== Exercise brief ==
From the first line of the records below through the line with "- Bočný vstup", output each line exactly; skip the pictures.

== Provided material ==
********************

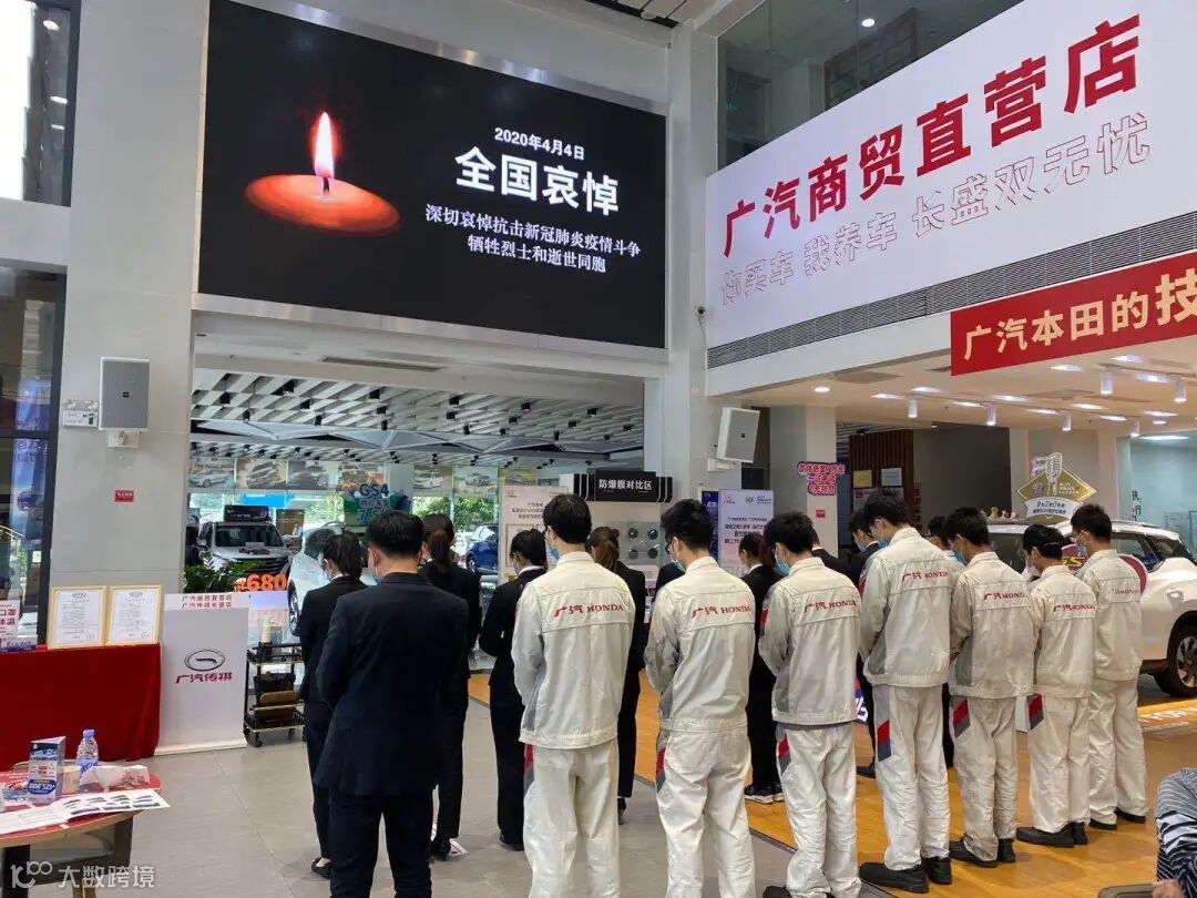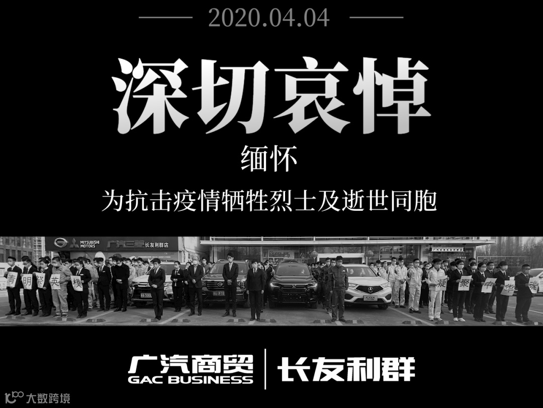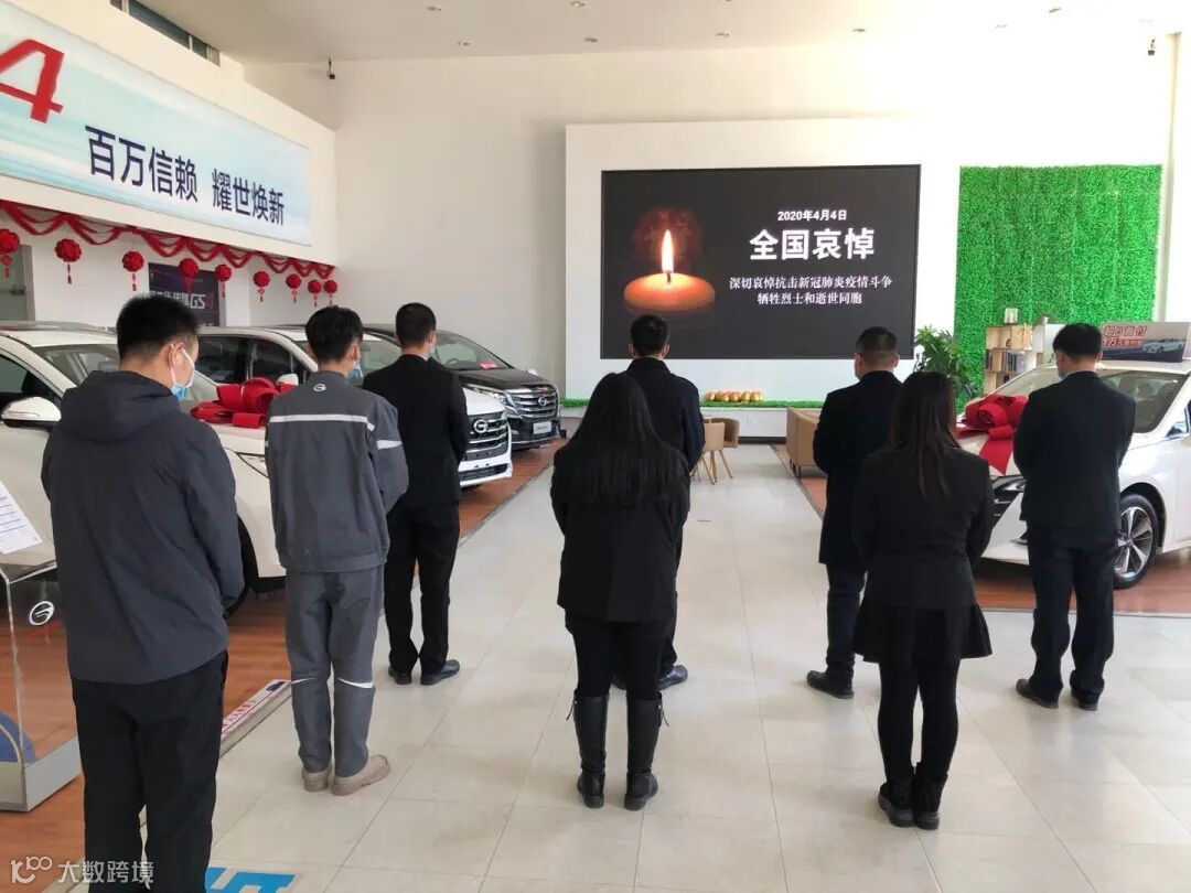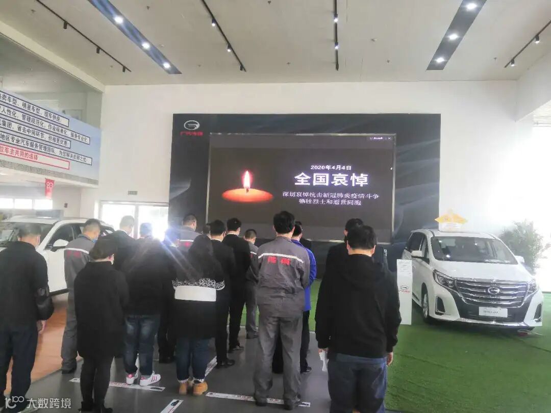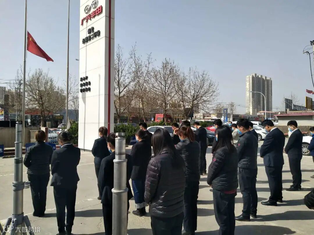 4月4日10时整,广汽商贸全国各地各企业降半旗,深切悼念抗击新冠肺炎疫情斗争牺牲烈士和逝世同胞。当防空警报鸣响那一刻,员工们静立垂首,以绵绵不绝的追思之情,深切缅怀逝者,悼念那些为守护山河不幸罹难的英魂,以最深的怀念为英雄送行。
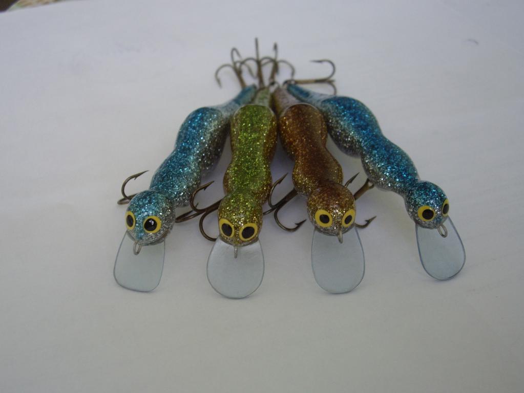 Алексей! Оба дракоши-плавающие,игра обоих-среднечастотная,широкая(первый больше машет хвостом,а у второго,можно сказать,широкая змейка).Огрузка-в пузе,перед и за средней петлёй,массу не могу сказать. По поводу беременных...на днях сфотаю и покажу... Ну а насчёт страшной морды-так на то и было рассчитано-чтобы рыбы бежали впереди воблера и со страху сами на берег выскакивалиhozyain37 писал(а):Сергей, прикольные Дракоши !!! Тот , что потолще, в профиль на беременную самку тритона похож . Очень интересно знать, как играют "пузатики", и в каком месте огрузка расположена ?
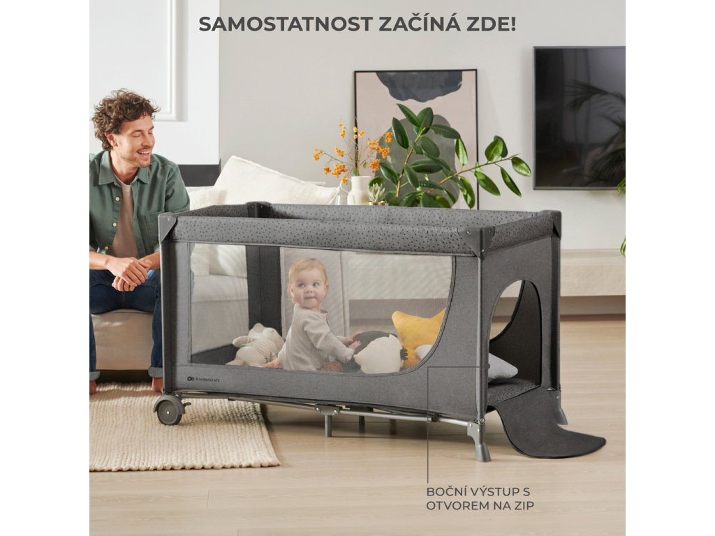 - Bočný vstup umožní dieťaťu samému vchádzať a vychádzať z postieľky.
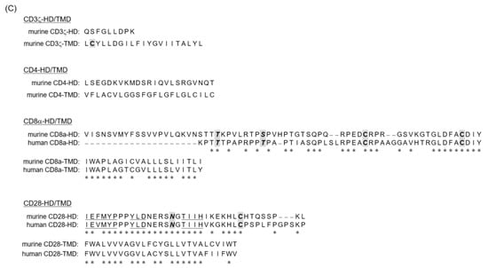 CAR oligomerization will also be a factor in changing the efficiency and quantity of CD3ζ-STD signaling. CD3ζ, CD8α, and CD28 used for the CAR HD/TMD in this study are originally present on T cells as dimers, and only CD4 is expressed as a monomer. Cysteine residues responsible for oligomerization are present in CD3ζ-TMD [13], CD8α-HD [17], and CD28-HD [18] (Figure 1C), which presumably contribute to CAR oligomerization. Furthermore, previous studies using human T-cell leukemia cell lines (Jurkat cells) have reported that CARs with CD3ζ-TMD form heterodimers with endogenous CD3ζ and the presence of this complex enhances the functionality of CAR-expressing Jurkat cells [37]. Here, too, some CARs (mV/3z/3z/3z and mV/4/3z/3z) with CD3ζ-TMD had a size of approximately 60 kDa and are assumed to be heterodimers of CAR (46–48 kDa) and endogenous CD3ζ (15 kDa). Therefore, it is highly likely that CAR and endogenous molecules form a complex in primary T cells. On the other hand, cysteine residues in HD/TMD are also anticipated to form unexpected complexes with membrane proteins different from its original molecule or same CAR molecule, as detected in multiple bands in western blot analysis. Depending on the type and size of such membrane proteins, an unexpected signal may be transduced together with the CAR signal, or the antigen-binding properties of CAR may be lost due to steric hindrance. Therefore, identifying the components of the CAR complex using mass spectrometry and the functional analysis of CAR with mutants of amino acids involved in post-translational modification remains an important future task.
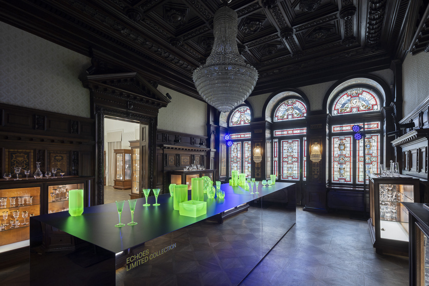 K oslavě stého výročí prodejní galerie Moser Na Příkopě a století moserovských barev vznikla Ultra limitovaná kolekce Echoes, která bude k vidění v prostorách galerie Moser do konce listopadu 2025.
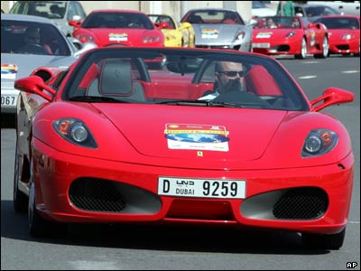 یکی از شرکت کنندگان در رالی صاحبان خودرو فراری که از امارت متحده عربی آغاز شده و در ایتالیا به پایان خواهد رسید. این برنامه به مناسبت شصتمین سالگرد تاسیس شرکت فراری برگزار می شود

********************

== Result for this exercise ==
 4月4日10时整,广汽商贸全国各地各企业降半旗,深切悼念抗击新冠肺炎疫情斗争牺牲烈士和逝世同胞。当防空警报鸣响那一刻,员工们静立垂首,以绵绵不绝的追思之情,深切缅怀逝者,悼念那些为守护山河不幸罹难的英魂,以最深的怀念为英雄送行。
 Алексей! Оба дракоши-плавающие,игра обоих-среднечастотная,широкая(первый больше машет хвостом,а у второго,можно сказать,широкая змейка).Огрузка-в пузе,перед и за средней петлёй,массу не могу сказать. По поводу беременных...на днях сфотаю и покажу... Ну а насчёт страшной морды-так на то и было рассчитано-чтобы рыбы бежали впереди воблера и со страху сами на берег выскакивалиhozyain37 писал(а):Сергей, прикольные Дракоши !!! Тот , что потолще, в профиль на беременную самку тритона похож . Очень интересно знать, как играют "пузатики", и в каком месте огрузка расположена ?
 - Bočný vstup umožní dieťaťu samému vchádzať a vychádzať z postieľky.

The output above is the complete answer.